When detectives showed up at her door four days later, Hansen told them she didn’t know anything about the killing. The 28-year-old Ward still wasn’t convinced she would keep quiet, even though he had dated her.

The following night, Hansen herself was shot in the head, execution style, at a friend’s home in front of four children. Ward’s accomplice, Franklin “Frank Nitti” Thompson, was promised $8,000 for the job. After being convicted for both murders, Ward was sentenced in January 2007 to 143 years in prison. Thompson received 63 years for Hansen’s slaying.
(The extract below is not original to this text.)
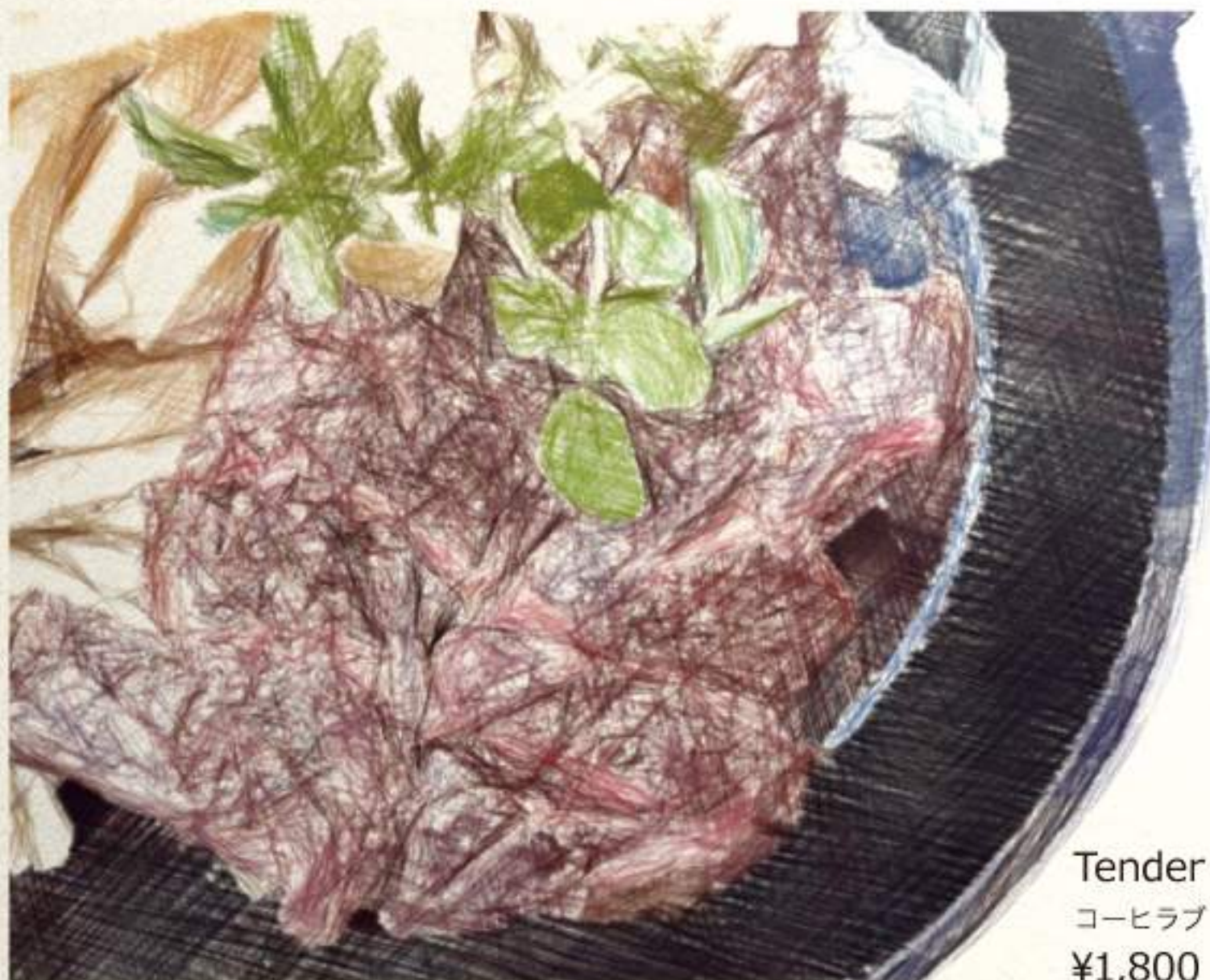
Tender Steak コーヒラブ テンダーステーキ ¥1,800

The killings cast a harsh spotlight on a city that had begun to shed its image—earned during the crack-fueled violence of the 1990s—as the murder capital of the United States. But Hansen’s murder also was the harbinger of a growing trend of witness intimidation—not only in D.C. but across the nation.

“Frankly, we struggle in a lot of our cases because we have a hard time getting witnesses to cooperate. It’s prob­ably the most difficult part of our job,” says Assis­tant U.S. Attorney Ben Friedman, who heads the Victim Witness Assistance Unit at the U.S. Attorney’s Office for the District of Columbia. “Out on the street, there is an anti-snitching campaign. People learn from a very early age not to cooperate with the government.”

ATTACKS NATIONWIDE

Police and prosecutors across the country are confronting an alarming number of incidents involving threats, assaults and murders of witnesses. In San Francisco, a liquor store owner was shot and killed in September after he identified two suspects in the robbery of his store a month earlier. In Massachusetts, according to a 2007 survey of more than 600 teens from high-crime neighborhoods by the National Center for Victims of Crime, almost two-thirds said people won’t report gang crimes because they are afraid of being beaten up or killed.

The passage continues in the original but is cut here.